■ **AIM OF THE TASK**
All that is needed is an exact copy of the lines from the beginning of the data below through the line containing "Skyline at Night", minus the pictures.

═════ EXERCISE DATA

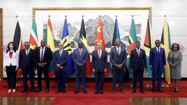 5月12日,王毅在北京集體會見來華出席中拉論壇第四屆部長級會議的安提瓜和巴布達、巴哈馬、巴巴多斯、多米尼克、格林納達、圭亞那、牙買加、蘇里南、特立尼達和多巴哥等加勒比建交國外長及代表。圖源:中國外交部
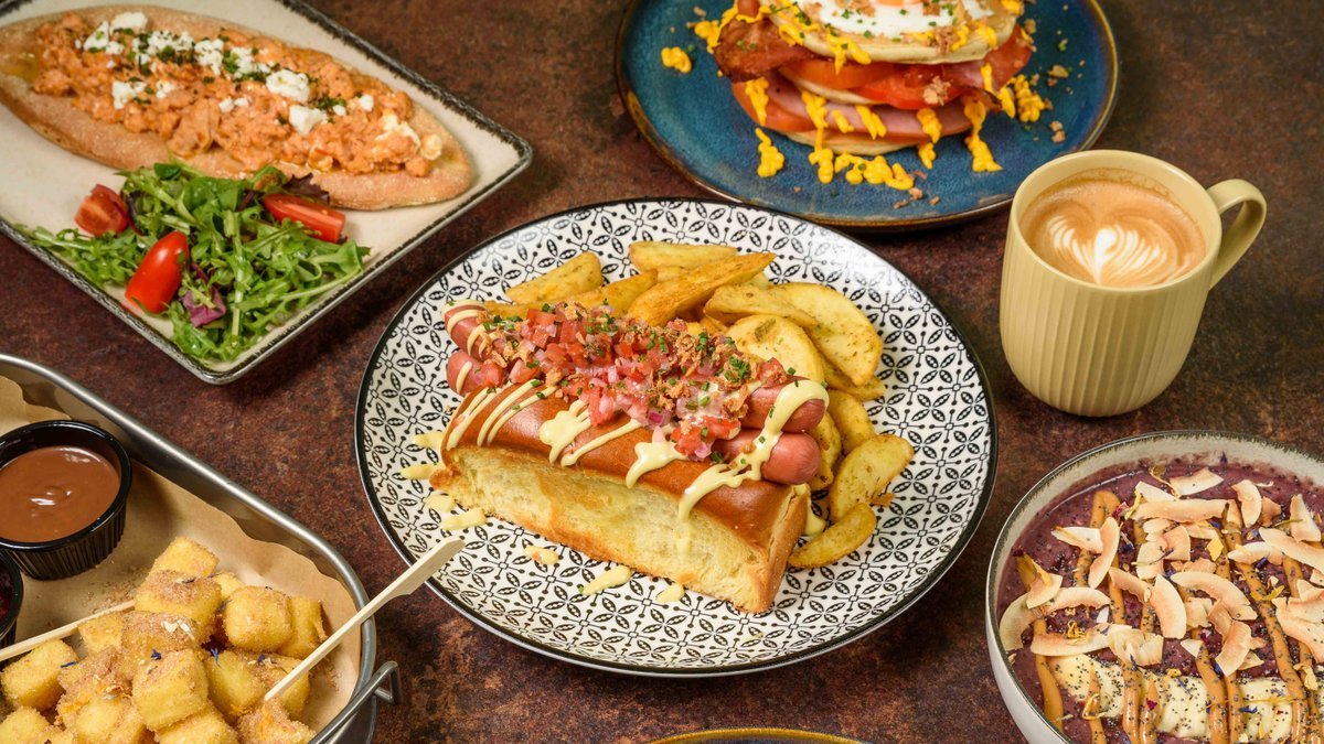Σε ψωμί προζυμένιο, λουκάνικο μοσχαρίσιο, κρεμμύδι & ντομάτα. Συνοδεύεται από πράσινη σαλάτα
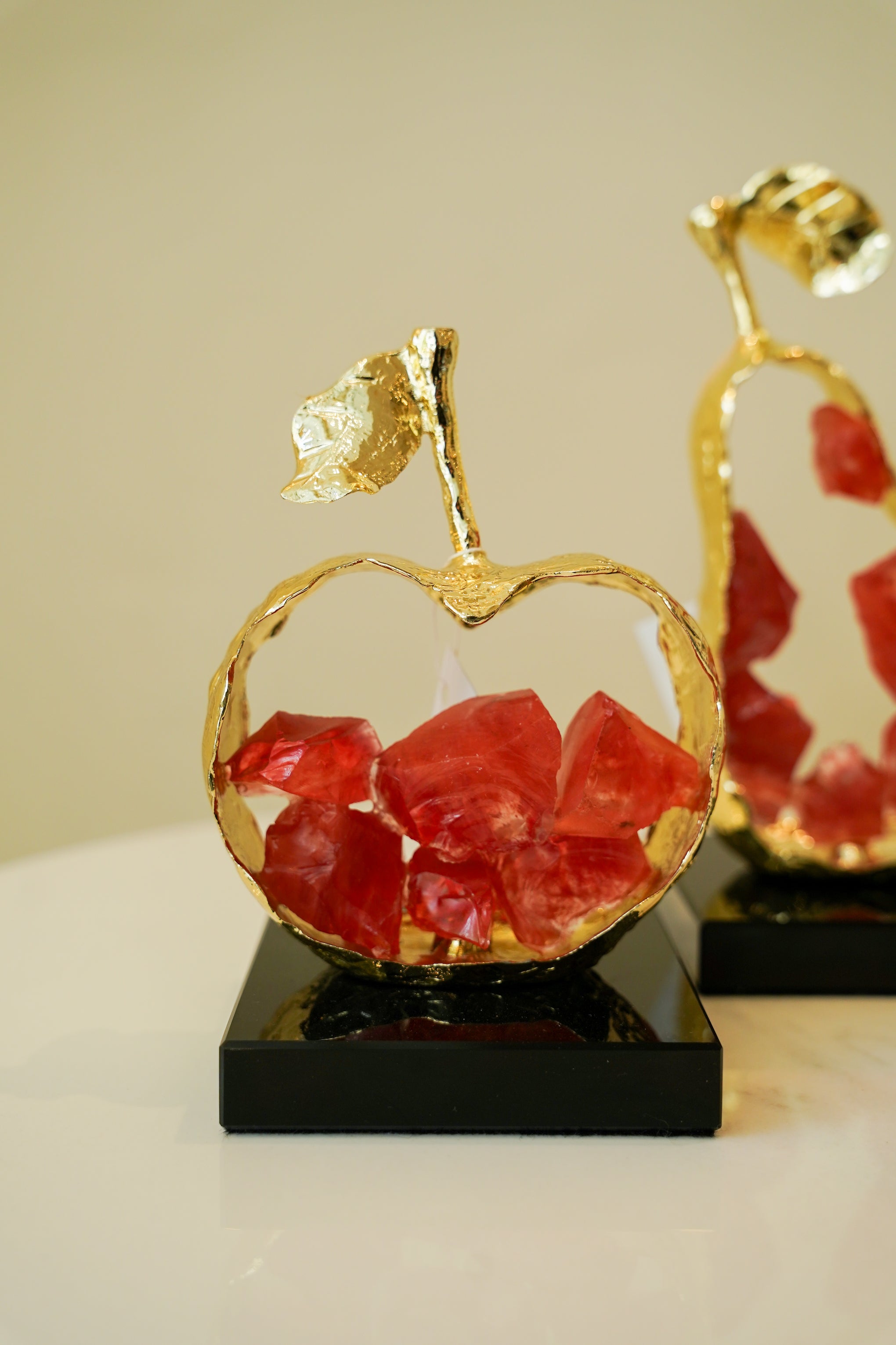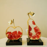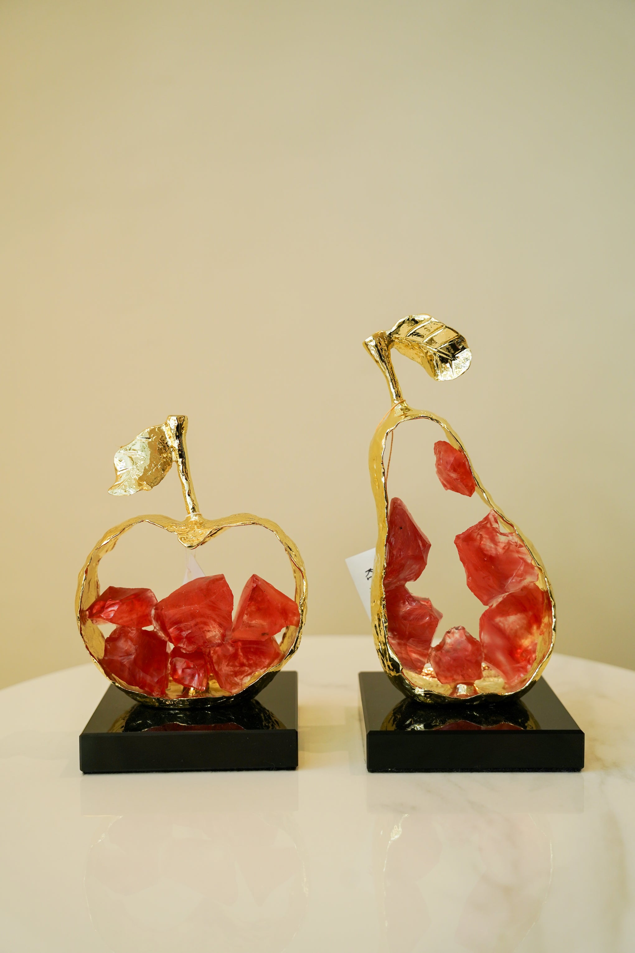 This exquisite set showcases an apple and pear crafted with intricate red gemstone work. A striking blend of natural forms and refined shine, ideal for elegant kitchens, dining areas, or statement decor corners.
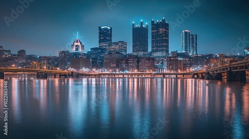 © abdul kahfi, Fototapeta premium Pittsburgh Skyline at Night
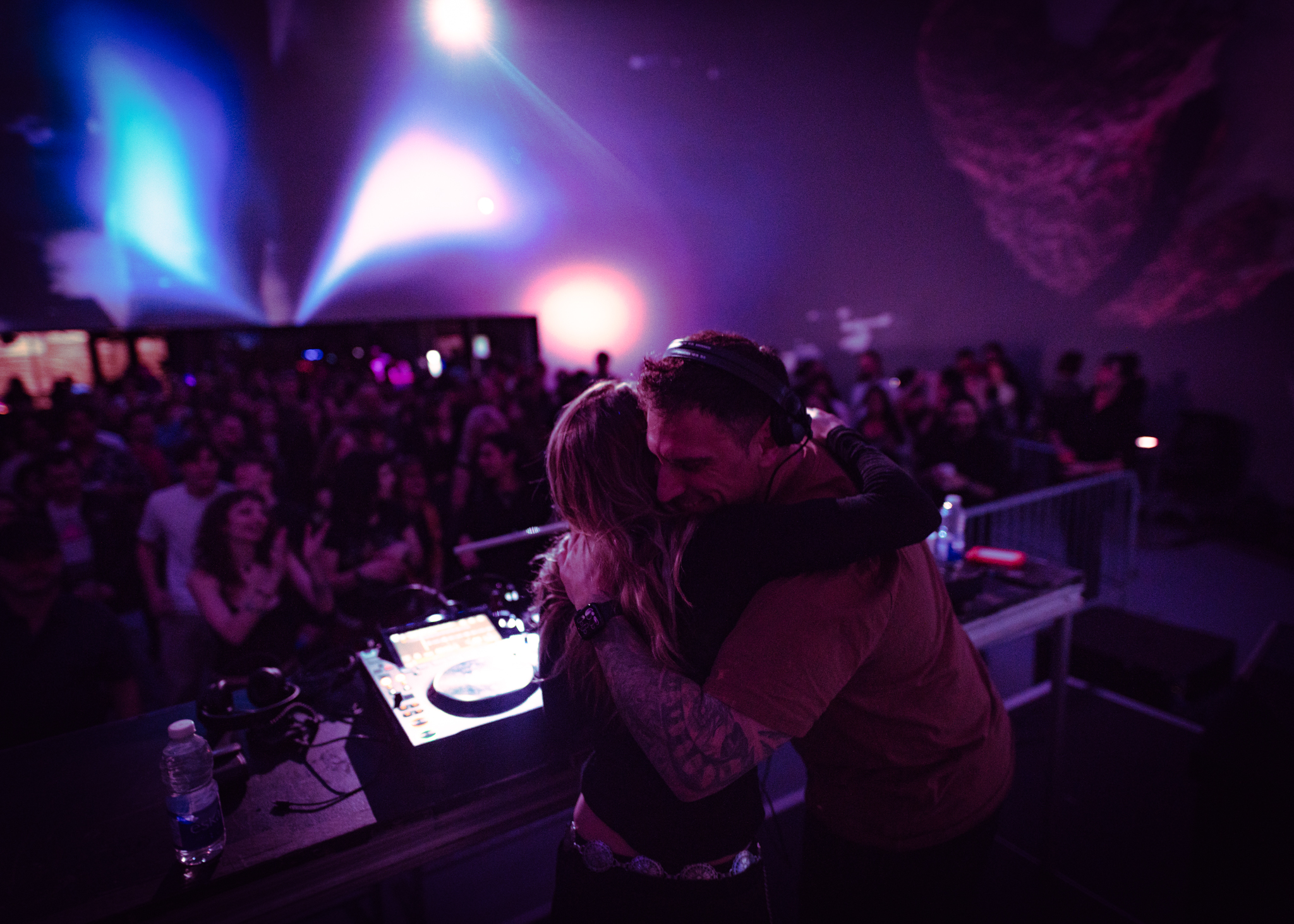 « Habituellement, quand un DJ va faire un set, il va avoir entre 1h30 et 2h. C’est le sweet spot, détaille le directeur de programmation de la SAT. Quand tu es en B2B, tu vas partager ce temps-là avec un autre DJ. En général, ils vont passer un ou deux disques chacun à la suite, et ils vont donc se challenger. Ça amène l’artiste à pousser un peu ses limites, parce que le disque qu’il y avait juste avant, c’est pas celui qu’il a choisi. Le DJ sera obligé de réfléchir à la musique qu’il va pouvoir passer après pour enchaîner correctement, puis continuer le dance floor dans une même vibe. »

══════════

■ **RESPONSE TO THIS EXERCISE**
 5月12日,王毅在北京集體會見來華出席中拉論壇第四屆部長級會議的安提瓜和巴布達、巴哈馬、巴巴多斯、多米尼克、格林納達、圭亞那、牙買加、蘇里南、特立尼達和多巴哥等加勒比建交國外長及代表。圖源:中國外交部
Σε ψωμί προζυμένιο, λουκάνικο μοσχαρίσιο, κρεμμύδι & ντομάτα. Συνοδεύεται από πράσινη σαλάτα
 This exquisite set showcases an apple and pear crafted with intricate red gemstone work. A striking blend of natural forms and refined shine, ideal for elegant kitchens, dining areas, or statement decor corners.
 © abdul kahfi, Fototapeta premium Pittsburgh Skyline at Night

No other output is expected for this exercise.